Worlding – A Brief Integral Account of Human Evolution

An adequate and integral orientation to worlding recognizes the broad ark of conscious evolution. Earth yielded an arch of self-awareness that constituted the human experience and forever changed our home. At home, the ever-developing capacity to see still fulfills itself through the unification and complexification of material and consciousness. A ‘worlding’ is upon us.

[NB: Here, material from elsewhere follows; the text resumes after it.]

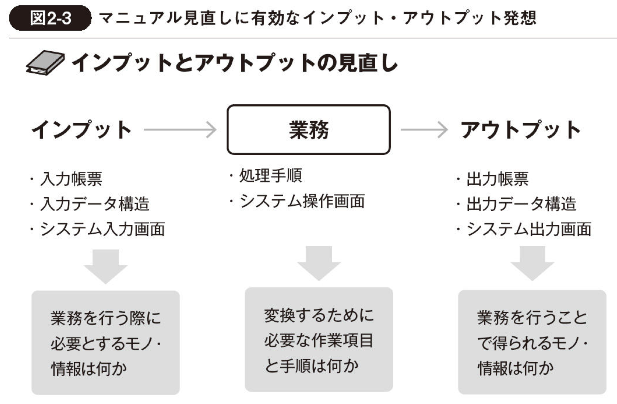 その業務を行うために必要なインプットとは何か、その業務を行うことで何がアウトプットされるのか、具体的な表現で整理します。

We know that “history is sound and fury”.[1] Wondrous origins, feats of survival, and gross reality mark the development of Earth’s biotic organisms. Earth developed mineral compositions, cellular multiplication, and plant proliferation. With the emergence of animal life, scales of development increased and converged, speed and flight manifest. Life built language and culture, tool making and machine, evolving itself toward its own perception – its own history. The Earth too, panpsychic in quality, manifested an incarnation of self-consciousness – adding to its spherical development an envelope of thought, a noosphere.

Humanity became a champion at memory, community, and culture. Becoming wise, human ability constructed the past in the present and oriented itself toward the future. Its powers of concentration and complexification grew through sociological metamorphosis.[2] A mind activated body gained perspective and humanity became the greatest of tyrants and the most magnificent artists. Our machines grew larger, and our powers of control and mastery constituted new paradigms. The experience of hominization was also an experience of conscious evolution.

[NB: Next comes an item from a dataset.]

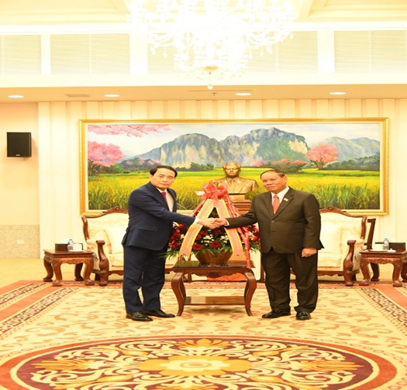 Thứ trưởng Lê Quốc Hùng chúc mừng Đại tướng Vi-lay Lạ-khăm-phong

The Planetary Era emerged through a powerful mentality. It took the cumulative insight, risk, and discipline of many including Ptolemy, Copernicus, Kepler, Galileo, Newton, and Einstein to initiate human consciousness into a modern experience of cosmological orientation, where we became a spherical planet, gravitationally determined to orbit the sun.[3] Jettisoned into a universe where life became an isolated, biotic, autopoietic event, meaning became a precarious phenomenon bound to an evolution of organic consciousness, seated in a geological time called the anthropocene.

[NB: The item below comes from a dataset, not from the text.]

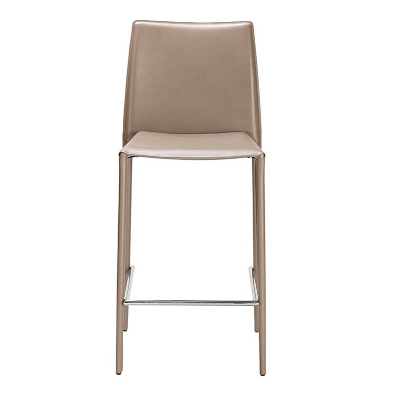 Información adicional: condicionado por 2, Monte A, asiento y respaldo en cuero reciclado, pies de metal cubierto en cuero reciclado, travesaños en acero inoxidable, altura del respaldo: 35 cm, respaldo alto ancho: 37 cm, altura de asiento: 66 cm, frente ancho del asiento: 44 cm, respaldo ancho: 35 cm, profundidad del asiento: 42 cm, travesaños de altura en pies: 23 cm

Globalization, through our commercial and material exchange, became the will to power, the driving force, behind our era. Our local worlds multiplied through communication, mobility, and military might and our Earth shrank. Great worries have beset our time. Bound within a history of accumulation, debt, and expenditures, it is apparent to many thinkers that capitalism is in crisis. Global systemic failures are growing beyond the human’s capacity to manage. Despite the emergence of profound thinkers, thinking the whole, the external movement of markets, technology, and knowledge subsists without adequate internal orientations, without wisdom. The practice of globalization is happening through capital entropy, but no one knows why or where ‘we’ as a global species (nor our fellow plant and animal companions!) are headed.

Many of the most attentive contemporary thinkers believe that the human condition – its industrial capitalism, increasing international competitions, and energy deficits, along with the massive amount of unaccountability regards historical violence, military complex, and overwhelming waste – is determinately blind. The ‘invisible hand’ is ‘invisible’ indeed – the relationships of asymmetrical access, value, and power do not produce the ‘best possible world’. The more efficient machines become does not necessarily mean humanity becomes ‘happier’. In our race toward progress, power, and performance the force of human evolution seems to have lost its way. “The threefold race in science/technology/industry that has taken over the human adventure is now out of control: Growth is out of control, its progress leading to the abyss.”[4] Edgar Morin’s commentary on the “Earth In Crisis,” is powerful. It considers problems across global domains: economy, population, pollution, and ecology. It is a ‘tragedy of development,’ he says, and is congruent with the spiritual deficit now so overwhelming little hope remains for global systemic balance.

 


[1] Morin, Edgar. Homeland Earth. 2.

[2] Morin, Edgar. Homeland Earth. 2.

[3] Morin, Edgar. Homeland Earth. 27.

[4] Morin, Edgar. Homeland Earth. 72.